(DATA PROVIDED):
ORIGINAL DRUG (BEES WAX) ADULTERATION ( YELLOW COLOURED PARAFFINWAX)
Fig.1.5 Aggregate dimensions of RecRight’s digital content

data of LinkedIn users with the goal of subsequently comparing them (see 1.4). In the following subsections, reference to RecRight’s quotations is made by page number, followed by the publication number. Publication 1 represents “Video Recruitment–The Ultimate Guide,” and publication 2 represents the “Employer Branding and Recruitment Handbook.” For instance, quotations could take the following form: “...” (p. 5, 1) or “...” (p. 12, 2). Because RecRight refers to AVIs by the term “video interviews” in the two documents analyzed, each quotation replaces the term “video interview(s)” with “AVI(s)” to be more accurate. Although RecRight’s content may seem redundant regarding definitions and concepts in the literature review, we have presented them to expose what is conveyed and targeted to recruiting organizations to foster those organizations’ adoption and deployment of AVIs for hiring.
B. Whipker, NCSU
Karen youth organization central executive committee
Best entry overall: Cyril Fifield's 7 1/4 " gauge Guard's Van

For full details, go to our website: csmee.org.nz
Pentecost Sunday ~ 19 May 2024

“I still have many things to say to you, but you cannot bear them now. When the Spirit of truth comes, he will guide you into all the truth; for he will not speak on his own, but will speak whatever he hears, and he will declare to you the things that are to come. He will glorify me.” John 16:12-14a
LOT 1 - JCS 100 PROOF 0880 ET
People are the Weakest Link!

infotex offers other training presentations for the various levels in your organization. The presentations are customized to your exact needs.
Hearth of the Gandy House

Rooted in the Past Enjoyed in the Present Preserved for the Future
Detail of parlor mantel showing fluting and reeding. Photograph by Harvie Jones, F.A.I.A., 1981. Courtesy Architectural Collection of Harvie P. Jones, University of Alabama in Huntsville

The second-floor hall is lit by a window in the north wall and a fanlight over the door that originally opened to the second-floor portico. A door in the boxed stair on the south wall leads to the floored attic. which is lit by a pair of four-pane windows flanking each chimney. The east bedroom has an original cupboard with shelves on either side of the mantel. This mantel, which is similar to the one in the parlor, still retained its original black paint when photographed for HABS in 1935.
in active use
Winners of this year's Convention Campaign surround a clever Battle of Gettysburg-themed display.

(WHAT YOU NEED TO DO):
Only one stretch of the data above is needed. Restate it word for word, from the line containing "Fig.1.5 Aggregate dimensions" through the line containing "Pentecost Sunday ~ 19 May 2024", both ends included.

(SOLUTION):
Fig.1.5 Aggregate dimensions of RecRight’s digital content

data of LinkedIn users with the goal of subsequently comparing them (see 1.4). In the following subsections, reference to RecRight’s quotations is made by page number, followed by the publication number. Publication 1 represents “Video Recruitment–The Ultimate Guide,” and publication 2 represents the “Employer Branding and Recruitment Handbook.” For instance, quotations could take the following form: “...” (p. 5, 1) or “...” (p. 12, 2). Because RecRight refers to AVIs by the term “video interviews” in the two documents analyzed, each quotation replaces the term “video interview(s)” with “AVI(s)” to be more accurate. Although RecRight’s content may seem redundant regarding definitions and concepts in the literature review, we have presented them to expose what is conveyed and targeted to recruiting organizations to foster those organizations’ adoption and deployment of AVIs for hiring.
B. Whipker, NCSU
Karen youth organization central executive committee
Best entry overall: Cyril Fifield's 7 1/4 " gauge Guard's Van

For full details, go to our website: csmee.org.nz
Pentecost Sunday ~ 19 May 2024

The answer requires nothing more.